Foreign Earned Income Exclusion (FEIE)
A tax provision allowing qualifying US citizens and residents living abroad to exclude a portion of foreign-earned wages and self-employment income from US taxation.
Detailed Explanation
The FEIE under IRC Section 911 lets qualifying expats exclude up to $130,000 (2026 inflation-adjusted, indexed annually) of foreign earned income from US federal income tax. Combined with the Foreign Housing Exclusion, the total can exceed $160,000 in many high-cost cities. To qualify, a taxpayer must (1) have a tax home in a foreign country, and (2) meet either the Bona Fide Residence Test (an entire tax year as a bona fide resident of a foreign country, demonstrated by intent and ties) or the Physical Presence Test (330 full days physically present in foreign countries during any 12-month period). The FEIE applies only to "earned income" (wages, self-employment income for personal services), not to passive income, US-source income, or income paid by the US government. The election is made on Form 2555, attached to Form 1040. Once elected, FEIE remains in effect until revoked, and a revocation requires IRS consent for any new FEIE election within 5 years. Critical limitation: FEIE excludes income only from federal income tax, NOT from self-employment tax. A self-employed expat still owes 15.3% SE tax on excluded income unless a Totalization Agreement with the foreign country waives it. Excluded earned income also reduces the basis for Roth/Traditional IRA contributions and certain credits like the Child Tax Credit refundable portion. Many expats earning in high-tax foreign countries (Canada, UK, Germany) get a better result claiming the Foreign Tax Credit (Form 1116) instead of FEIE, since the foreign tax paid often exceeds the FEIE benefit and FTC preserves earned income for IRA contributions.
Key Points
- 2026 max exclusion: $130,000 per qualifying taxpayer (indexed). Plus Foreign Housing Exclusion for excess housing.
- Two qualifying tests: Bona Fide Residence (full tax year) OR Physical Presence (330 days in any 12-month period).

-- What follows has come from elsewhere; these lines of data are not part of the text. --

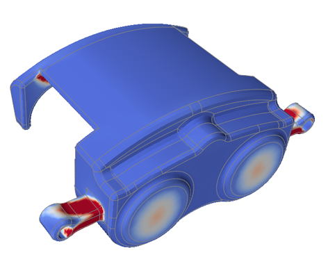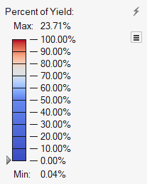 A percent of yield of 100% means your part may fail. By default, areas that are approaching a percent of yield of 100% are shown in red and indicate where the part is most likely to fail.
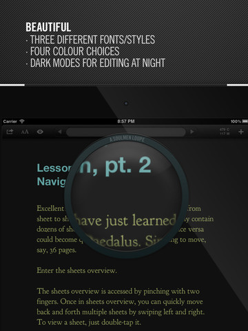 Daedalus Touch offers character and word count, as well as three different font choices and four different colour choices including a “dark mode” for writing at night. As an added bonus, the app has a built-in web browser to quickly look up or post stuff on the internet.
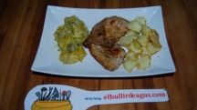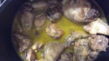 Pollo con cebolla y manzana en salsa de palo cortado
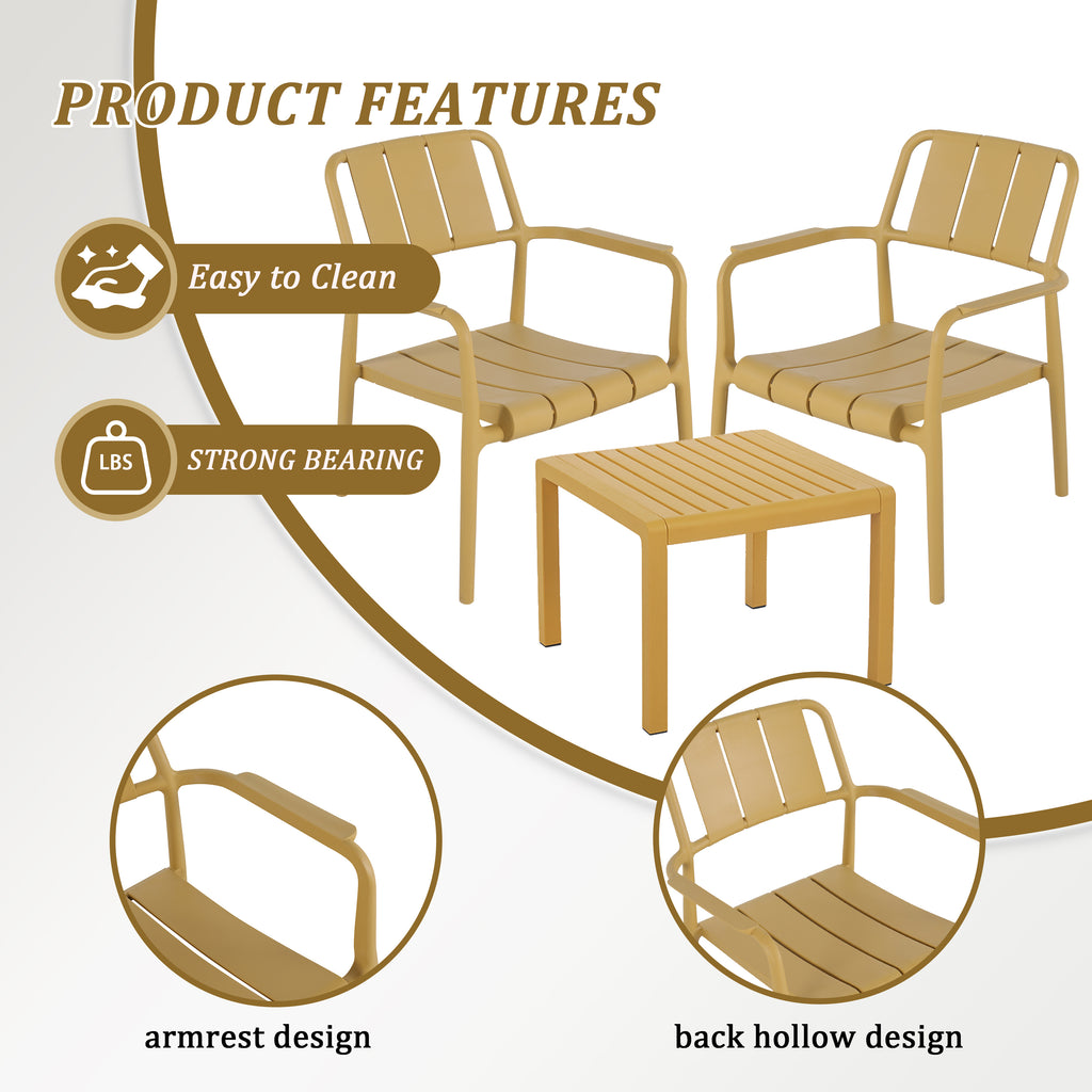 Three-piece indoor/outdoor leisure table and chair set (two chairs and one coffee table), UV-resistant, waterproof and durable, brick yellow, 25*20.47*27.56 (in)/19.69*19.69*14.96 (in), Polypropylene.
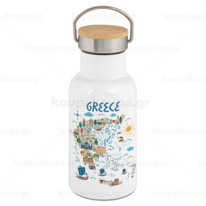 Χάρτης Ελλάδος, Μεταλλικό παγούρι θερμός (Stainless steel) Λευκό με ξύλινο καπακι (bamboo), διπλού τοιχώματος, 350ml
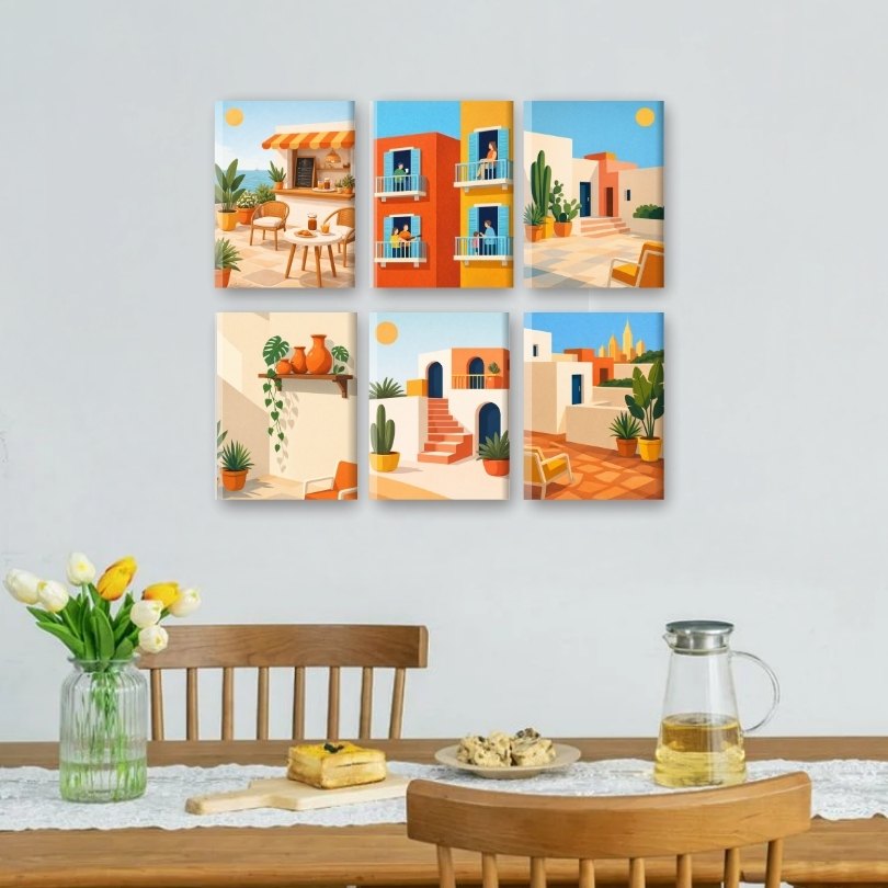 6 Mini-Gemälde | Mediterranes Dorf Set

- Excludes federal income tax only. Self-employment tax still owed unless a Totalization Agreement applies.
- Election on Form 2555. Revocation requires 5-year IRS consent before re-electing.
- High-tax-country expats often save more with the Foreign Tax Credit (Form 1116) instead.
- FEIE-excluded income generally cannot be used to fund traditional or Roth IRA contributions.
Practical Example
A US software engineer takes a 2-year contract in Singapore, earning $175,000 USD in 2026. She meets the Physical Presence Test (335 days outside the US). She files Form 2555 and excludes $130,000. The remaining $45,000 plus housing excess is taxed normally. She files Form 1040 reporting $175,000 of income with the FEIE excluding $130,000. If Singapore had charged 18% income tax (it does, roughly), she might prefer FTC: foreign tax of ~$31,500 likely fully offsets US tax on the same income, AND she keeps $175,000 of earned income on the return for IRA contributions and other benefits.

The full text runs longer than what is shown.